» **EXERCISE PROMPT**: Output the full listing verbatim.

» **GIVEN ENTRIES**:
⁂

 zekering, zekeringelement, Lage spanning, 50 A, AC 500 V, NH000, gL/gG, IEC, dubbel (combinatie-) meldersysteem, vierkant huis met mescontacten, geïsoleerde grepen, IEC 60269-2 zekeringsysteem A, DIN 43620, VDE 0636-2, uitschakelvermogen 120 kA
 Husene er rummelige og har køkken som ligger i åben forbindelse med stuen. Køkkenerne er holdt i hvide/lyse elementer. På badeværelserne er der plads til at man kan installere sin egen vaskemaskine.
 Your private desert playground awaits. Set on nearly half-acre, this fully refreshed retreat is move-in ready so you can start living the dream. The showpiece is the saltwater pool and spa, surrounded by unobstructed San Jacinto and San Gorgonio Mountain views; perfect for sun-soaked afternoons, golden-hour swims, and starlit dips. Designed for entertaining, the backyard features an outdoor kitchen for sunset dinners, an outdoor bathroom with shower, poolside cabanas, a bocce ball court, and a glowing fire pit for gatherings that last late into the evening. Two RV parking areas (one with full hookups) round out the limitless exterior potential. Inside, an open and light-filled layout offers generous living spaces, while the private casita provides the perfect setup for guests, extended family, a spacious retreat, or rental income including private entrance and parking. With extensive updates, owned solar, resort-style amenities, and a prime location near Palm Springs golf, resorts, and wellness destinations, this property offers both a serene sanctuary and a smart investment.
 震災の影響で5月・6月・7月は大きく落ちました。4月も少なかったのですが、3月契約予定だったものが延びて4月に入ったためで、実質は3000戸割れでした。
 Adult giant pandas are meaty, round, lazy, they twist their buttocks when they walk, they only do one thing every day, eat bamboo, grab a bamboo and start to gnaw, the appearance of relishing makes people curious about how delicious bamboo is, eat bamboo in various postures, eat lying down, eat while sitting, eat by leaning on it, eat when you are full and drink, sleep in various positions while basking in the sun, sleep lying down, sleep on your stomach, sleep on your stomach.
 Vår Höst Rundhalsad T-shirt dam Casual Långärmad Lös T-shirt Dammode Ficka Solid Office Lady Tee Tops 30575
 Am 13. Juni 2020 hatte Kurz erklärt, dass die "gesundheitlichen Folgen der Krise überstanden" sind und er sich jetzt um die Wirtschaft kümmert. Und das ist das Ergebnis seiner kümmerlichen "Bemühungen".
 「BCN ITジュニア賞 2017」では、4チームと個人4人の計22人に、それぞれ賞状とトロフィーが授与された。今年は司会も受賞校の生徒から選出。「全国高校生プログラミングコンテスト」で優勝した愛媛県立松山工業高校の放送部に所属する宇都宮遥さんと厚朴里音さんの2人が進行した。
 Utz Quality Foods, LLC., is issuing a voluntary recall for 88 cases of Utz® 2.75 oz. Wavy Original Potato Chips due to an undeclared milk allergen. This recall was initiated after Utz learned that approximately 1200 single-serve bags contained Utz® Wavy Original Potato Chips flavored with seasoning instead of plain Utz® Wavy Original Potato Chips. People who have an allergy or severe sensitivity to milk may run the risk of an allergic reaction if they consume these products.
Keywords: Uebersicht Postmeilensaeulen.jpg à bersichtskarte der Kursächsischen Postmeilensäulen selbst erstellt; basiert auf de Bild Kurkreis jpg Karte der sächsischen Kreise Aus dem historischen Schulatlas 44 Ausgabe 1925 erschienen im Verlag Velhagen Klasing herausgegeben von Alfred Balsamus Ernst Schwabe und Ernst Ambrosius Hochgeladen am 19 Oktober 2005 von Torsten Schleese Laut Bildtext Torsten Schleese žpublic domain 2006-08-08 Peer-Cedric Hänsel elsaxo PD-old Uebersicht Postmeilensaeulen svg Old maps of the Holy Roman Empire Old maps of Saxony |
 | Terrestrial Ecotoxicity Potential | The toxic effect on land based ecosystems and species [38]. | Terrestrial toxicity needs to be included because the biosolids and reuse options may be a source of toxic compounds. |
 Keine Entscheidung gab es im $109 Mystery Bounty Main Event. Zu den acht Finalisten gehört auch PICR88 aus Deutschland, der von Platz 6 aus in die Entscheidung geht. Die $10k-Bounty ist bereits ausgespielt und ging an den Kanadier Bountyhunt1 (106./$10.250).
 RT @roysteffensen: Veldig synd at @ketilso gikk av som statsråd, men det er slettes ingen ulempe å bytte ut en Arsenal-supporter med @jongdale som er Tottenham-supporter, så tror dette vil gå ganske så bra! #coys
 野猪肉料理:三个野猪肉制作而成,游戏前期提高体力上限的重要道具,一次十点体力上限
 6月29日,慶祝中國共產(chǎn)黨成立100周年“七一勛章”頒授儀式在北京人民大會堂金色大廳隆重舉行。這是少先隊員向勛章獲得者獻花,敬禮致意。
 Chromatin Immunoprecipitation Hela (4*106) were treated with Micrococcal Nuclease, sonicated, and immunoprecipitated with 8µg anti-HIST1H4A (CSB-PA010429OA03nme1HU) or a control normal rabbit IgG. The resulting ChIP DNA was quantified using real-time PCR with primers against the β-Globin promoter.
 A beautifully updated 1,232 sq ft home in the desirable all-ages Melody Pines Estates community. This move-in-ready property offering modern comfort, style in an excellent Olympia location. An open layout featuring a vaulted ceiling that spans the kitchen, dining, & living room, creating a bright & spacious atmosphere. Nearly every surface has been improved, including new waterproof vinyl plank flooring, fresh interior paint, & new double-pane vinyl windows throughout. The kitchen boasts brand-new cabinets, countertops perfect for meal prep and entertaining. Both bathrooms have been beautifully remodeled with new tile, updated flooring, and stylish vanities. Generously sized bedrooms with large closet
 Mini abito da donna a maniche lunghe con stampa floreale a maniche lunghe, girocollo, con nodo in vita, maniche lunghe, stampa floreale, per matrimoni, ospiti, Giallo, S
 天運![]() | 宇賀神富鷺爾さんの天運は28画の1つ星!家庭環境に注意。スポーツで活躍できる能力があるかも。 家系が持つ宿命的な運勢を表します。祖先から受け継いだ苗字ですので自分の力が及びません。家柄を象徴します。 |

⁂

» **RESPONSE AREA**:
 zekering, zekeringelement, Lage spanning, 50 A, AC 500 V, NH000, gL/gG, IEC, dubbel (combinatie-) meldersysteem, vierkant huis met mescontacten, geïsoleerde grepen, IEC 60269-2 zekeringsysteem A, DIN 43620, VDE 0636-2, uitschakelvermogen 120 kA
 Husene er rummelige og har køkken som ligger i åben forbindelse med stuen. Køkkenerne er holdt i hvide/lyse elementer. På badeværelserne er der plads til at man kan installere sin egen vaskemaskine.
 Your private desert playground awaits. Set on nearly half-acre, this fully refreshed retreat is move-in ready so you can start living the dream. The showpiece is the saltwater pool and spa, surrounded by unobstructed San Jacinto and San Gorgonio Mountain views; perfect for sun-soaked afternoons, golden-hour swims, and starlit dips. Designed for entertaining, the backyard features an outdoor kitchen for sunset dinners, an outdoor bathroom with shower, poolside cabanas, a bocce ball court, and a glowing fire pit for gatherings that last late into the evening. Two RV parking areas (one with full hookups) round out the limitless exterior potential. Inside, an open and light-filled layout offers generous living spaces, while the private casita provides the perfect setup for guests, extended family, a spacious retreat, or rental income including private entrance and parking. With extensive updates, owned solar, resort-style amenities, and a prime location near Palm Springs golf, resorts, and wellness destinations, this property offers both a serene sanctuary and a smart investment.
 震災の影響で5月・6月・7月は大きく落ちました。4月も少なかったのですが、3月契約予定だったものが延びて4月に入ったためで、実質は3000戸割れでした。
 Adult giant pandas are meaty, round, lazy, they twist their buttocks when they walk, they only do one thing every day, eat bamboo, grab a bamboo and start to gnaw, the appearance of relishing makes people curious about how delicious bamboo is, eat bamboo in various postures, eat lying down, eat while sitting, eat by leaning on it, eat when you are full and drink, sleep in various positions while basking in the sun, sleep lying down, sleep on your stomach, sleep on your stomach.
 Vår Höst Rundhalsad T-shirt dam Casual Långärmad Lös T-shirt Dammode Ficka Solid Office Lady Tee Tops 30575
 Am 13. Juni 2020 hatte Kurz erklärt, dass die "gesundheitlichen Folgen der Krise überstanden" sind und er sich jetzt um die Wirtschaft kümmert. Und das ist das Ergebnis seiner kümmerlichen "Bemühungen".
 「BCN ITジュニア賞 2017」では、4チームと個人4人の計22人に、それぞれ賞状とトロフィーが授与された。今年は司会も受賞校の生徒から選出。「全国高校生プログラミングコンテスト」で優勝した愛媛県立松山工業高校の放送部に所属する宇都宮遥さんと厚朴里音さんの2人が進行した。
 Utz Quality Foods, LLC., is issuing a voluntary recall for 88 cases of Utz® 2.75 oz. Wavy Original Potato Chips due to an undeclared milk allergen. This recall was initiated after Utz learned that approximately 1200 single-serve bags contained Utz® Wavy Original Potato Chips flavored with seasoning instead of plain Utz® Wavy Original Potato Chips. People who have an allergy or severe sensitivity to milk may run the risk of an allergic reaction if they consume these products.
Keywords: Uebersicht Postmeilensaeulen.jpg à bersichtskarte der Kursächsischen Postmeilensäulen selbst erstellt; basiert auf de Bild Kurkreis jpg Karte der sächsischen Kreise Aus dem historischen Schulatlas 44 Ausgabe 1925 erschienen im Verlag Velhagen Klasing herausgegeben von Alfred Balsamus Ernst Schwabe und Ernst Ambrosius Hochgeladen am 19 Oktober 2005 von Torsten Schleese Laut Bildtext Torsten Schleese žpublic domain 2006-08-08 Peer-Cedric Hänsel elsaxo PD-old Uebersicht Postmeilensaeulen svg Old maps of the Holy Roman Empire Old maps of Saxony |
 | Terrestrial Ecotoxicity Potential | The toxic effect on land based ecosystems and species [38]. | Terrestrial toxicity needs to be included because the biosolids and reuse options may be a source of toxic compounds. |
 Keine Entscheidung gab es im $109 Mystery Bounty Main Event. Zu den acht Finalisten gehört auch PICR88 aus Deutschland, der von Platz 6 aus in die Entscheidung geht. Die $10k-Bounty ist bereits ausgespielt und ging an den Kanadier Bountyhunt1 (106./$10.250).
 RT @roysteffensen: Veldig synd at @ketilso gikk av som statsråd, men det er slettes ingen ulempe å bytte ut en Arsenal-supporter med @jongdale som er Tottenham-supporter, så tror dette vil gå ganske så bra! #coys
 野猪肉料理:三个野猪肉制作而成,游戏前期提高体力上限的重要道具,一次十点体力上限
 6月29日,慶祝中國共產(chǎn)黨成立100周年“七一勛章”頒授儀式在北京人民大會堂金色大廳隆重舉行。這是少先隊員向勛章獲得者獻花,敬禮致意。
 Chromatin Immunoprecipitation Hela (4*106) were treated with Micrococcal Nuclease, sonicated, and immunoprecipitated with 8µg anti-HIST1H4A (CSB-PA010429OA03nme1HU) or a control normal rabbit IgG. The resulting ChIP DNA was quantified using real-time PCR with primers against the β-Globin promoter.
 A beautifully updated 1,232 sq ft home in the desirable all-ages Melody Pines Estates community. This move-in-ready property offering modern comfort, style in an excellent Olympia location. An open layout featuring a vaulted ceiling that spans the kitchen, dining, & living room, creating a bright & spacious atmosphere. Nearly every surface has been improved, including new waterproof vinyl plank flooring, fresh interior paint, & new double-pane vinyl windows throughout. The kitchen boasts brand-new cabinets, countertops perfect for meal prep and entertaining. Both bathrooms have been beautifully remodeled with new tile, updated flooring, and stylish vanities. Generously sized bedrooms with large closet
 Mini abito da donna a maniche lunghe con stampa floreale a maniche lunghe, girocollo, con nodo in vita, maniche lunghe, stampa floreale, per matrimoni, ospiti, Giallo, S
 天運![]() | 宇賀神富鷺爾さんの天運は28画の1つ星!家庭環境に注意。スポーツで活躍できる能力があるかも。 家系が持つ宿命的な運勢を表します。祖先から受け継いだ苗字ですので自分の力が及びません。家柄を象徴します。 |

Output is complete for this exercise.